Directions for this task: Without any pictures, print the lines below from the one that has "Huawei P smart" through the one that has "Transformation d'une maison", exactly and nothing else.

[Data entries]
Content starts
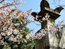 東山七条にある真言宗智山派の総本山、智積院。第一代化主(けしゅ=住職のこと)である玄宥の像の北側にある桜が満開です。総門の両脇をはじめとして、広い境内にある桜は、これから開花といったところです。
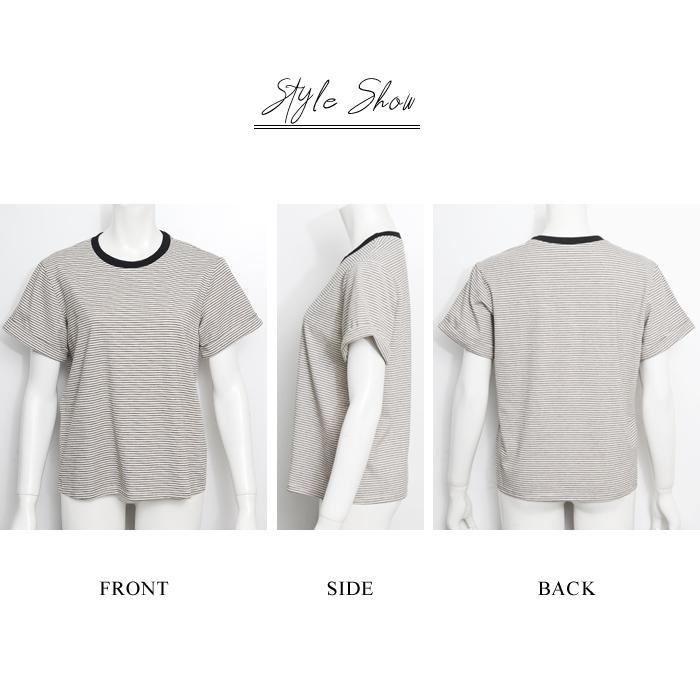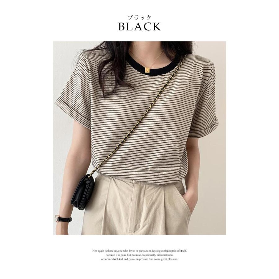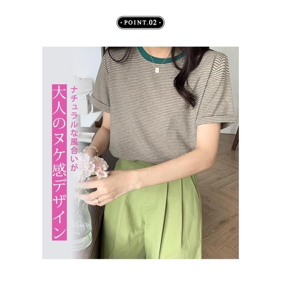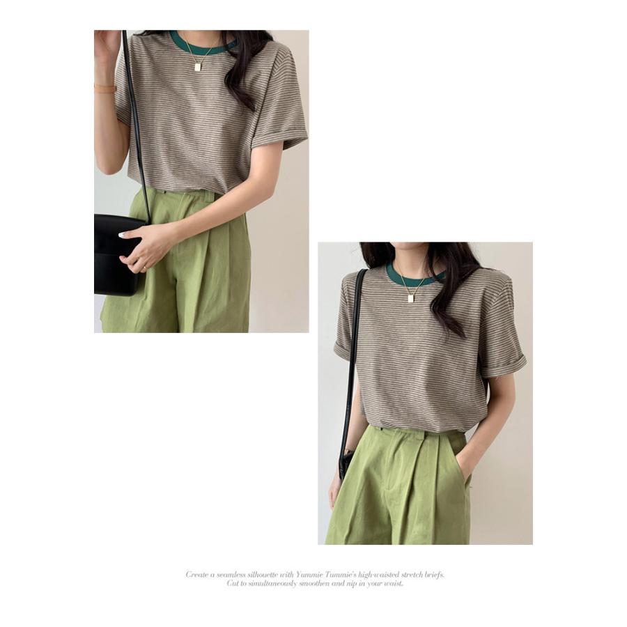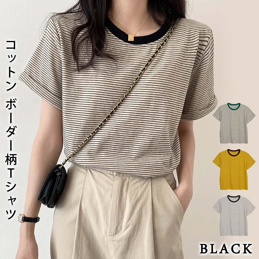 Tシャツ レディース 春 夏 春夏 黒 ボーダー 半袖 トップス ボーダー イエロー ブラック ストレッチ 半袖Tシャツ Uネック グリーン 20代 30代
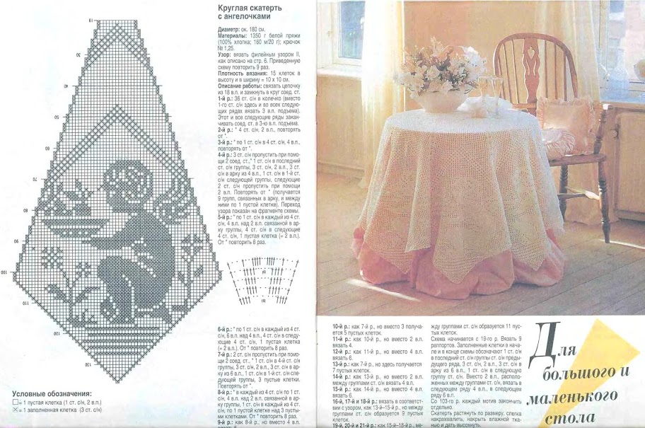 Crochet filet pattern tablecloth with slices
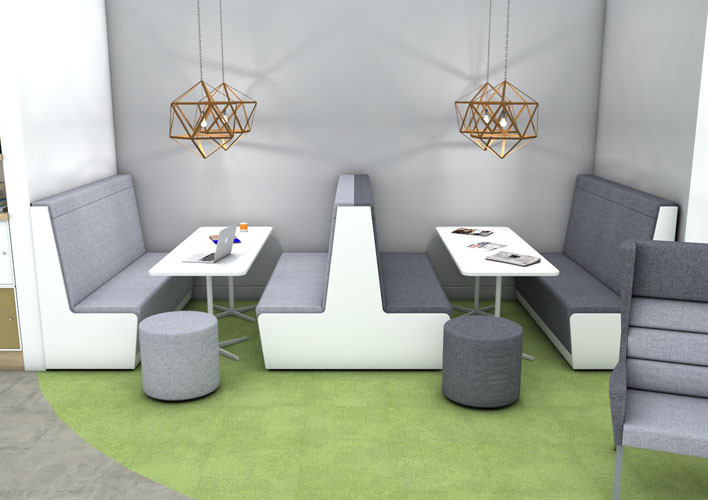 Luna Booths draw inspiration from banquette seating but add a distinctive design twist to cater for the modern workspace environment.
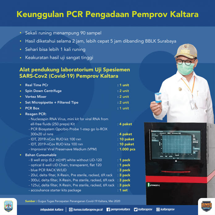 Alat PCR yang diadakan Pemprov, mampu memeriksa 90 sampel spesimen dalam waktu 2 jam. Dibandingkan dengan PCR yang dipakai di Balai Besar Laboratorium Kesehatan Surabaya, PCR di RSUD Kaltara lebih cepat 5 jam memeriksa sampel. Renovasi laboratorium pemeriksaan spesimen Covid-19 di RSUD Tarakan menelan anggaran sebesar Rp 3,2 miliar, termasuk penambahan alat tes cepat molekuler (TCM). Khusus pengadaan PCR dan reagen menelan anggaran sebesar Rp 1,8 miliar.(humas)
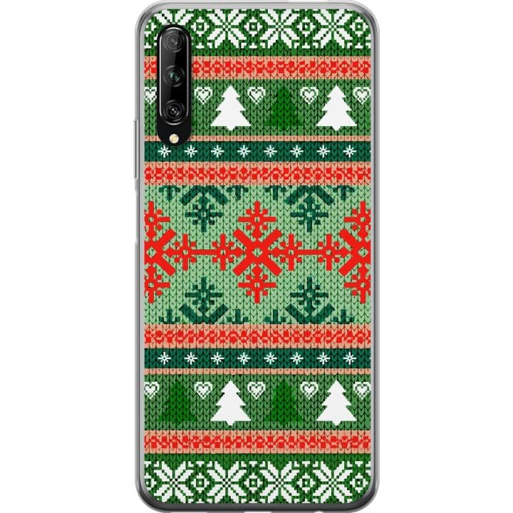 Huawei P smart Pro 2019 Genomskinligt Skal Julinspirerat stickmönster i rött, grönt och vitt med snöflingor, hjärtan och granar som skapar klassisk m
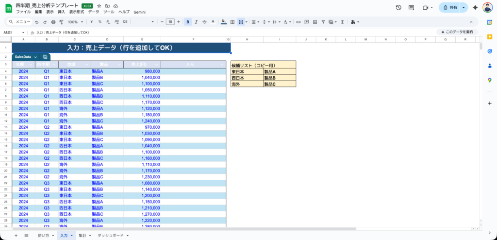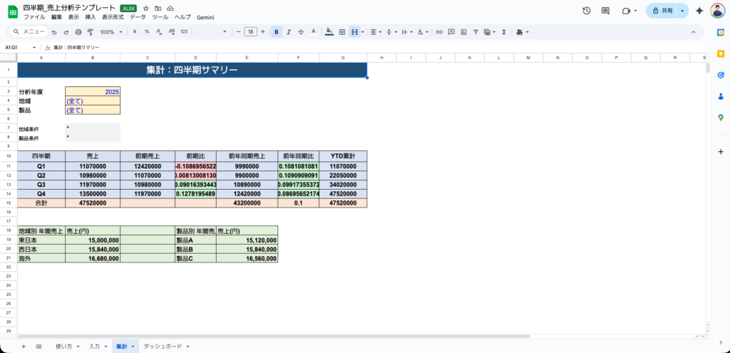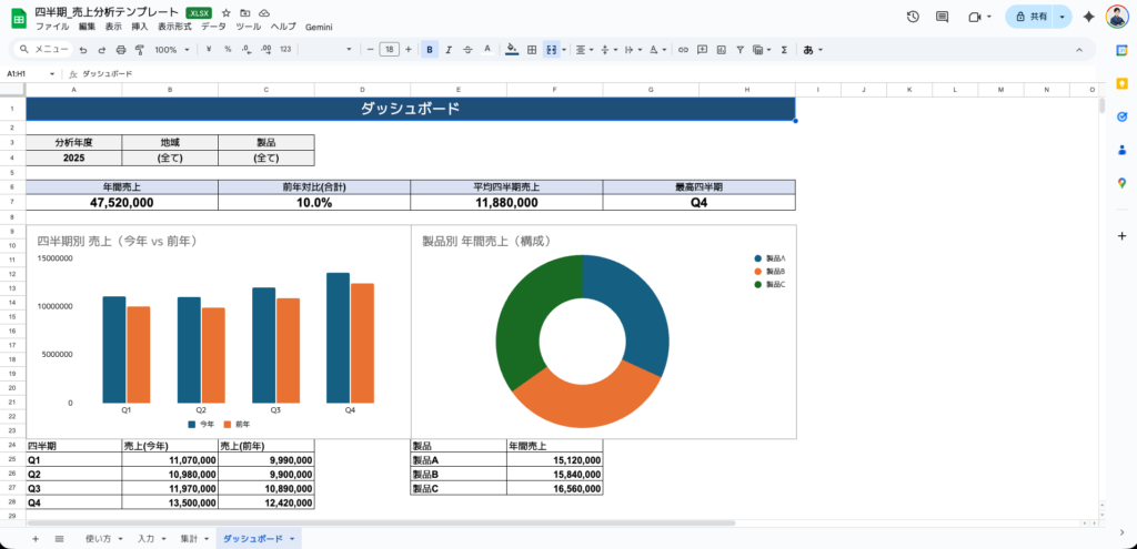四半期の売上分析スプレッドシートを作成して実行時間は13分ほど、実行結果は以下の通りでした。
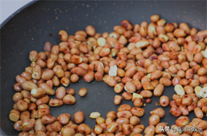5、起锅烧热,放入花生小火慢炒,直至听到啪啪生,说明炒熟了,关火,放凉。
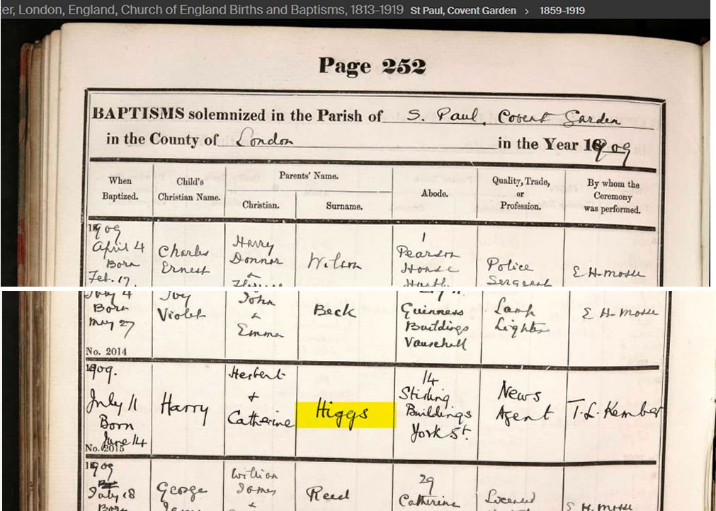 Harry was the son of Herbert Higgs (Willie's brother) and Catherine Bathic. Harry married a Winifred and at one time lived in Royston (see 097 below).
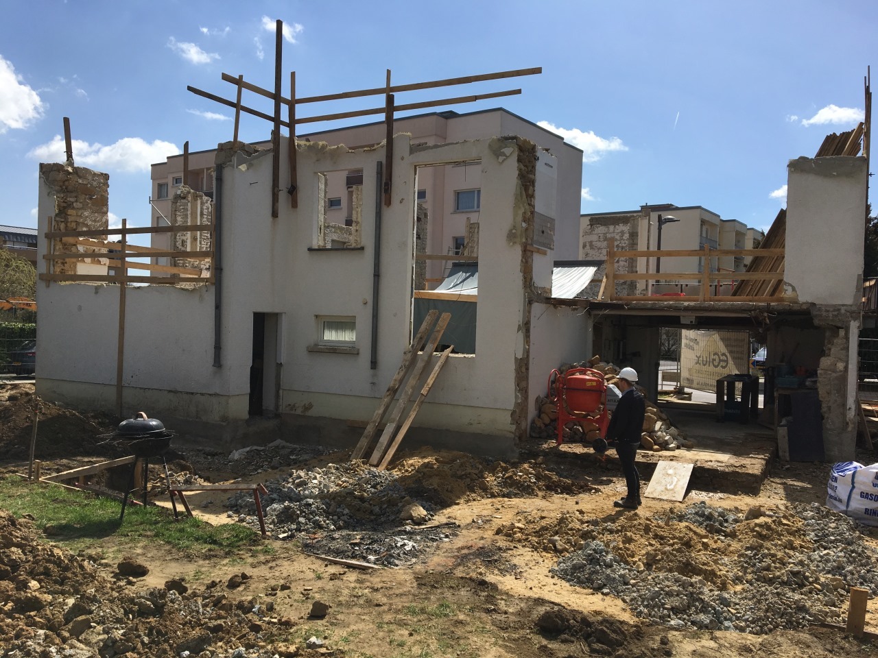 Transformation d'une maison datant des années 1960-1970. Tous les espaces du premier étage sont décloisonnés afin de créer un grand espace de vie tournant autour de la cage d'escalier. Un étage supplémentaire est construit en ossature bois, abritant trois chambres et donnant sur une belle terrasse orientée au sud.
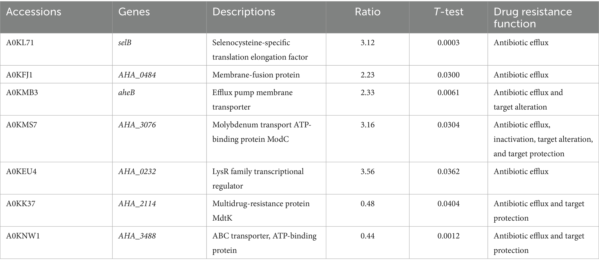 To investigate the antibiotic resistance mechanism of the transcriptional regulation factor AHA_4052, we identified differentially expressed antibiotic resistance genes (ARGs) in the ΔAHA_4052 mutant using the Comprehensive Antibiotic Research Database (CARD). Seven resistance genes were found to be directly or indirectly regulated by the transcriptional regulation factor AHA_4052, with five proteins (aheB, AHA_0484, selB, AHA_3076, and AHA_0232) showing increased abundance and two proteins (AHA_2114 and AHA_3488) exhibiting decreased abundance. These proteins mediate bacterial antibiotic resistance through mechanisms including efflux pumps, antibiotic inactivation, target alteration, and target protection (Table 2).
Content ends
Completed exercise:
 Huawei P smart Pro 2019 Genomskinligt Skal Julinspirerat stickmönster i rött, grönt och vitt med snöflingor, hjärtan och granar som skapar klassisk m
四半期の売上分析スプレッドシートを作成して実行時間は13分ほど、実行結果は以下の通りでした。
5、起锅烧热,放入花生小火慢炒,直至听到啪啪生,说明炒熟了,关火,放凉。
 Harry was the son of Herbert Higgs (Willie's brother) and Catherine Bathic. Harry married a Winifred and at one time lived in Royston (see 097 below).
 Transformation d'une maison datant des années 1960-1970. Tous les espaces du premier étage sont décloisonnés afin de créer un grand espace de vie tournant autour de la cage d'escalier. Un étage supplémentaire est construit en ossature bois, abritant trois chambres et donnant sur une belle terrasse orientée au sud.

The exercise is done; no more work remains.